2. Think of alternate communication. Make sure your family knows which method of communication will be used, and in what order. For example, the first line of communication is cell phone, followed by text, followed by….you get the point. This will ensure family members know how – and more importantly where – to look for emergency messages from loved ones. Also, think of alternate communications, unconventional methods of communicating with loved ones, such as:

  • Text: Text messages require far less bandwidth than phone calls, and even when the ominous “all circuits are busy” recording comes on, texts will still work as they operate on a parallel network to cell phones.
  • Email: Don’t discount sending e-mails during emergency situations as a valid method of communication. Email servers are located globally, and it’s unlikely they will all be dead at the same time. But where do you get internet access if cell phone service is dead? Oftentimes, WiFi service will still be up and running, since the cables used for hard wired Internet operate on different networks than cell phones. For most WiFi, you don’t even need to be in the building to access the service.
  • Social Media: Social media is similar to email in that it is hosted on a network of global servers which gives it amazing redundancy and fault tolerance. It’s easy to post Facebook or Twitter messages to your family members as a backup to the backup in case of an emergency.

Okay, so none of these methods work, and your cell phone is dead as a doornail — no texts, no email, no social media.
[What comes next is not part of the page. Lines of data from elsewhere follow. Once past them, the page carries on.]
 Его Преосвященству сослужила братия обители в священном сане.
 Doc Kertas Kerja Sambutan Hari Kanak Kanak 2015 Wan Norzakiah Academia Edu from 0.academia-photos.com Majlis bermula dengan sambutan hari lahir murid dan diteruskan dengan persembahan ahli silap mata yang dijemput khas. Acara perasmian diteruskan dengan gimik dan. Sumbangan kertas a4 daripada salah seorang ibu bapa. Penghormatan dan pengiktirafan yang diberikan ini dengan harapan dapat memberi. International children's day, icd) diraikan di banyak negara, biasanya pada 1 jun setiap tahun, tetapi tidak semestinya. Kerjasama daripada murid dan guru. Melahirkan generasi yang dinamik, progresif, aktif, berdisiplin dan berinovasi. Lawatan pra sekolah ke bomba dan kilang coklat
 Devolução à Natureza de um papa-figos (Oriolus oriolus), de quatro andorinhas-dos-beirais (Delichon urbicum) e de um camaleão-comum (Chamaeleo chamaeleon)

What now? Here are a couple alternate methods to try:

3. Phone Booths: Yes, they still exist, and most of them are on landlines, which are inherently reliable; most landlines have been operational for nigh on 80 years. There are even apps online that tell you where phone booths are located. Make sure you carry change for that purpose.

4. HAM Radio: If the situation has gotten really nasty, ham radio is a great solution. Not only can your average five watt handset achieve 10+ miles of range on flat ground, using a repeater, a ham radio can reach halfway across the country. Tell your family in advance what frequencies you can be reached on, and what times you will be listening (eg. every hour on the hour, every quarter hour, etc.). Also, make sure and carry a repeater guide for your area with you rather than relying on the programming in the radio or even data stored on your cell phone.
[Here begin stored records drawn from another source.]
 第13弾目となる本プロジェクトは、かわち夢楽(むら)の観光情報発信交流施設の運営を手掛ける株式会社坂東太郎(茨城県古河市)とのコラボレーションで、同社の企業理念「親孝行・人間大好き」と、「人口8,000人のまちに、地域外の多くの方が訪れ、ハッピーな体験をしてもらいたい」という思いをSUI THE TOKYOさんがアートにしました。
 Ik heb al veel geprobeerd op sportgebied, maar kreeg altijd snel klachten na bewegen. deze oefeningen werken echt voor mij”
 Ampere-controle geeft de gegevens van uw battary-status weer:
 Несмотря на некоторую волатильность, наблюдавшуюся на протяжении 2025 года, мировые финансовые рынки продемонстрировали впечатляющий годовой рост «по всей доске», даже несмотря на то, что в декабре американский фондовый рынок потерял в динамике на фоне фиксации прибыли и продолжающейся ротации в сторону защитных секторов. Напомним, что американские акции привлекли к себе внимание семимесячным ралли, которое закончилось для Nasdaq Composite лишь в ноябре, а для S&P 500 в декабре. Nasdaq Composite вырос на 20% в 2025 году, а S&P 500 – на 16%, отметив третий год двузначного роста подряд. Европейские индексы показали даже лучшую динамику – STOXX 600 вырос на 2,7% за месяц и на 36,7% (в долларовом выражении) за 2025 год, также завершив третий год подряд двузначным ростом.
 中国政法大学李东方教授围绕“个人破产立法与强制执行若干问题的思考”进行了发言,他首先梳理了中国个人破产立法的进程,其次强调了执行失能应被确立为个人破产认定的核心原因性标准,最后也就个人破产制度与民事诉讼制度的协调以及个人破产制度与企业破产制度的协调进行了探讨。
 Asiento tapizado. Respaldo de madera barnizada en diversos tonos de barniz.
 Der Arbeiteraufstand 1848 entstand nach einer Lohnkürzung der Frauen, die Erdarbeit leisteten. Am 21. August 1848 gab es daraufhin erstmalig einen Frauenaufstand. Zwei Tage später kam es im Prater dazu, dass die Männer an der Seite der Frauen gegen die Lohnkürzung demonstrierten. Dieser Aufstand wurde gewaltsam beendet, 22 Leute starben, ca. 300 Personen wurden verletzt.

Communicating with your loved ones during an emergency doesn’t need to be difficult or scary. With a little pre-planning, you can feel safe and secure even when others are panicking.

© 2008-2014 Off The Grid News

7 comments

  1. To operate on Ham Radio frequencies you must have an FCC Ham Radio license. If non-license holders were to flood the air waves then the Ham Radio frequencies would become as chaotic as the CB frequencies which are not even mentioned in this article for this very reason. The FCC now has equipment that can record the location of every radio transmission and tag it with an electronic finger print – this technology was not available a decade ago. If you want to operate on Ham Radio frequencies then study and earn your privilege to operate there by obtaining a Ham Radio license and Morse code is not required for at least one level of license. I learned Morse code listening to cassette tapes – I f I can do it anyone can.
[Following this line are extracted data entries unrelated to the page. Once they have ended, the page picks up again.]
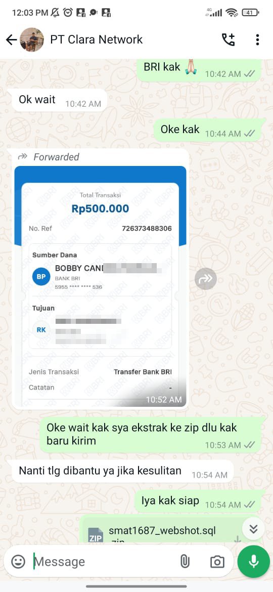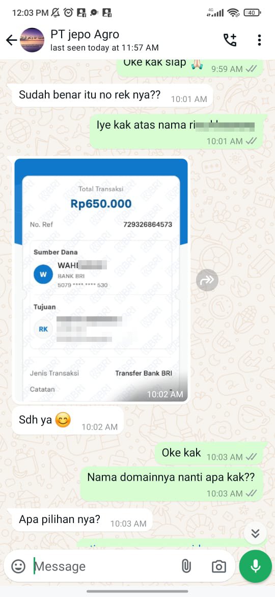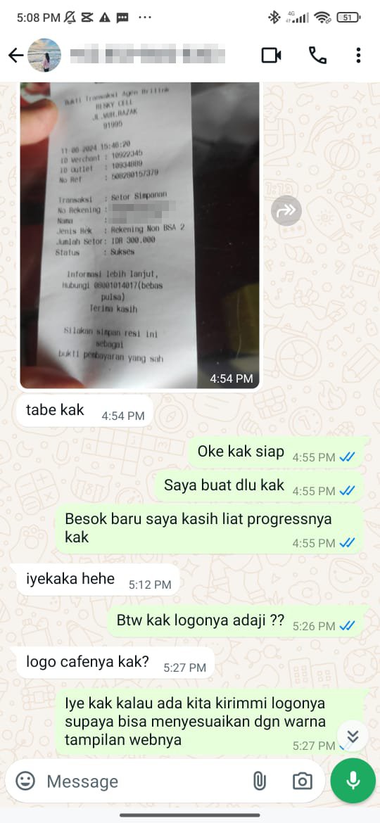 Setelah skema disepakati, lakukan pembayaran uang muka sebesar 50% dari total biaya. Proses pengerjaan website akan segera dimulai setelah pembayaran diterima.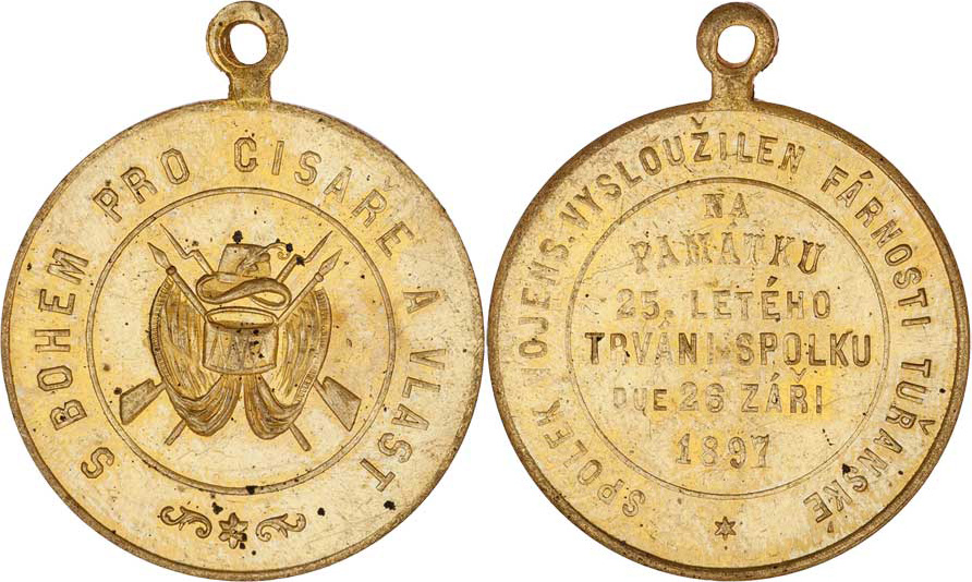 Tuřany 1897 - 25 let trvání spolku 26.9., Nesign., zlacená mosaz 31 mm s původním raženým ouškem, Indra.str.50, nep.nedor., nep.rysky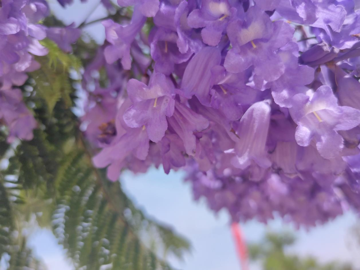 近日,罗武庄乡树密鲊村委会幸福新村蓝花楹已悄然进入了盛花期,走在幸福新村宽阔的道路上,就会和这些蓝紫色的浪漫撞个满怀,一树树紫蓝色的花朵清丽脱俗,微风拂过,一串串紫色“铃铛”随风摇曳,花瓣漫天飞舞,似乎在向人们诉说幸福新村的演变。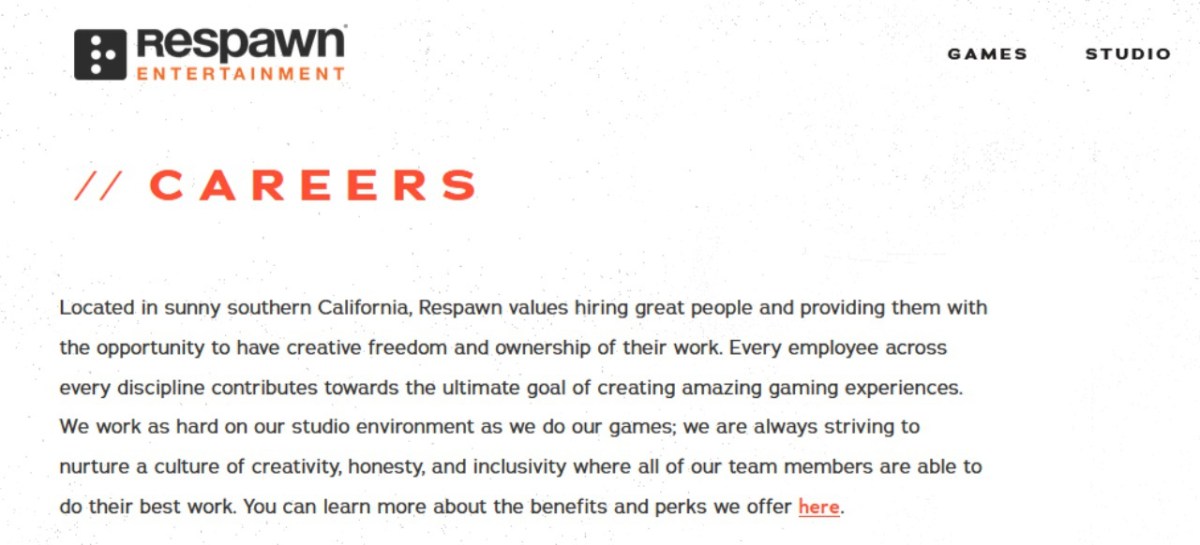 „Wir entwickeln ein brandneues Einzelspieler-Abenteuer von Respawn Entertainment. Wir sind ein kleines, aber ambitioniertes Team mit einer Geschichte, von Großem zu träumen und eine Welle zu machen. Kommt und arbeitet mit uns: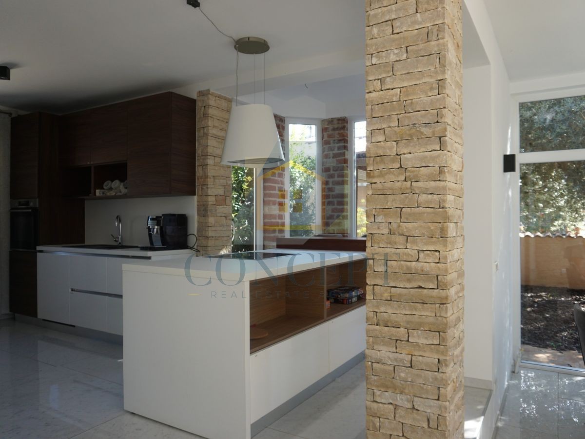 Prizemlje se sastoji od ulaznog prostora, spavaće sobe, kupaonice s tušem i toaleta te otvorenog prostora s kuhinjom, blagovaonicom i dnevnim boravkom. U dnevnom dijelu ističu se kameni zidovi i dekorativni stup od prirodnog kamena, dok drvene grede i otvoreni kamin unose istarski šarm i toplinu prostora. Iz dnevnog boravka izlazi se na natkrivenu terasu, okruženu uređenim vrtom s maslinom, roštiljem i prostorom za objedovanje na otvorenom.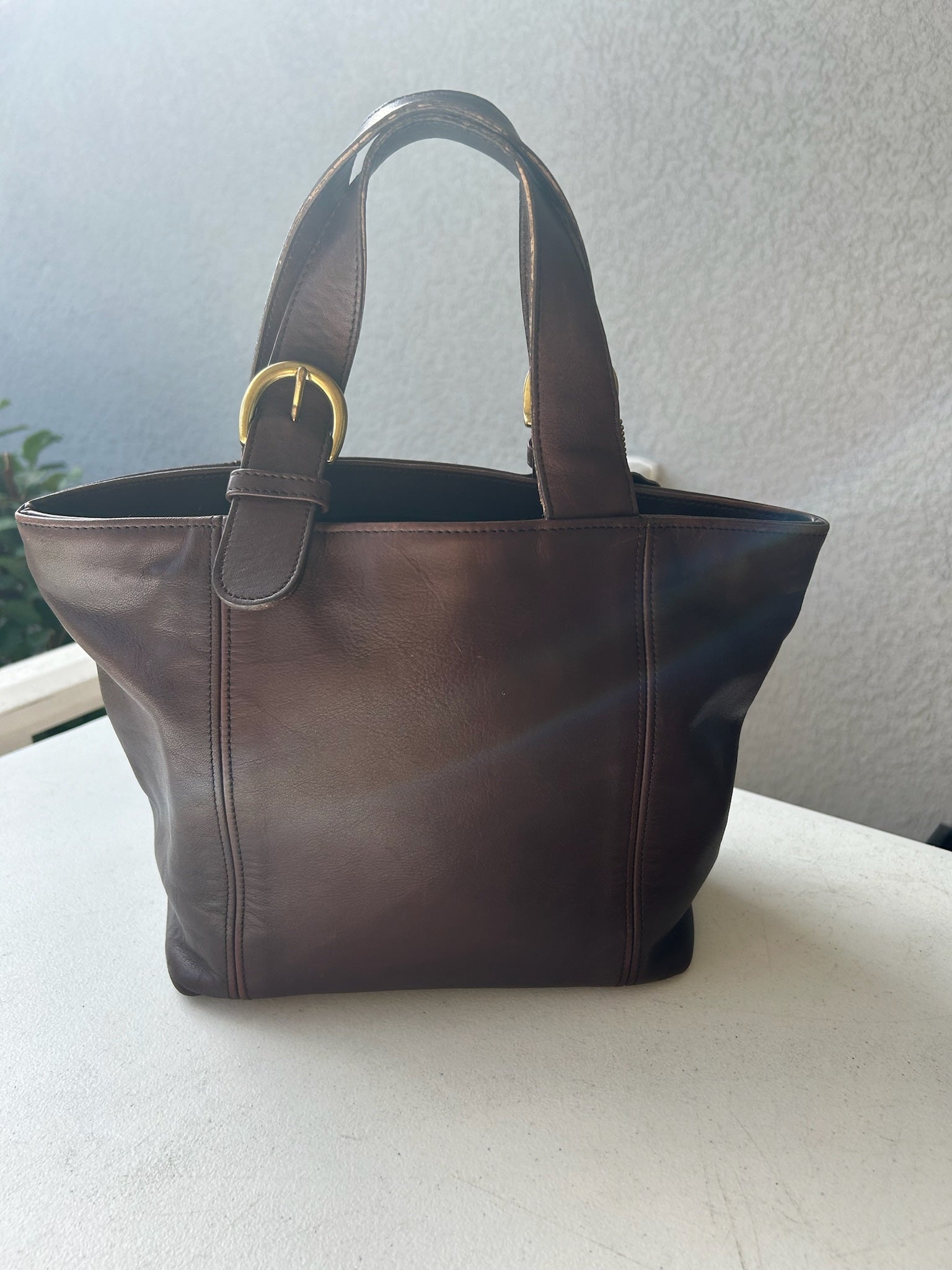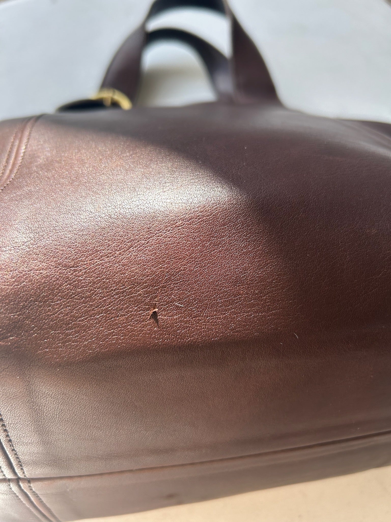 Style Name: Coach Waverly Style Number: 4133 Color: mahogany Year Made or Made Prior to 1994: 1997 Made Where: Turkey Original Hang Tag: yes Condition, Positives, Flaws, Items to Note: Case has SCRATCHES and marks, nicks on outside see pictures. Corners show wear. See pics. Inside clean. Any repairs, cleaning/conditioning products used, dunking, etc: Bag has been cleaned or conditioned. No coloring: tested with Lexol No dunking, paint, dye, shoe polish or shoe crème. No odor. Preventative measure: all bags are spritzed/wiped with either white vinegar.

    • Your concern is valid Ray and your right on the CB issues but in a National emergency are you certain everyone is going to be worried about a license or be worried about the FCC?

  2. Yes, a license is required, but it is not hard to get a Technician (entry-level) class license. All questions on the test are multiple choice, and are drawn from an approved pool. Study guides are readily available covering all of the questions and answers. Also, morse code as a requirement was done away with some years ago for all license classes. Also, this may sound strange coming from a ham, but don’t discount CB. While ham radio can do far more than CB, the reality is that there are more CBs out there, and for that reason, I bought one to supplement my ham radio gear.

  3. Some walkie talkies can reach as far as 10 miles depending on what may be between them. Many sporting goods stores sell various models. Some folks still have and may be using CB radios which don’t require an FCC license.

    Phone booths?? Chances are they will not be working either even though their operating power comes through the phone line if the power is out at the central phone center and if it doesn’t have emergency power generation itself.

    • I keep a variety handy: Walkie Talkie, CB, Marine VHF, UHF Radio Modems and intend on looking into portable Ham sets. Doesn’t hurt to have a scanner to listen in to Emergency Response. Options must be available if 1 or more is congested.

  4. Good article and great comments. CB is very limited but always an option . My family members all carry inexpensive FRS radios. with batteries in a vacuum sealed bag. I also own a good Ham station with portable antenna capabilities. I guess it’s time to get the license but I just hate getting on another government list.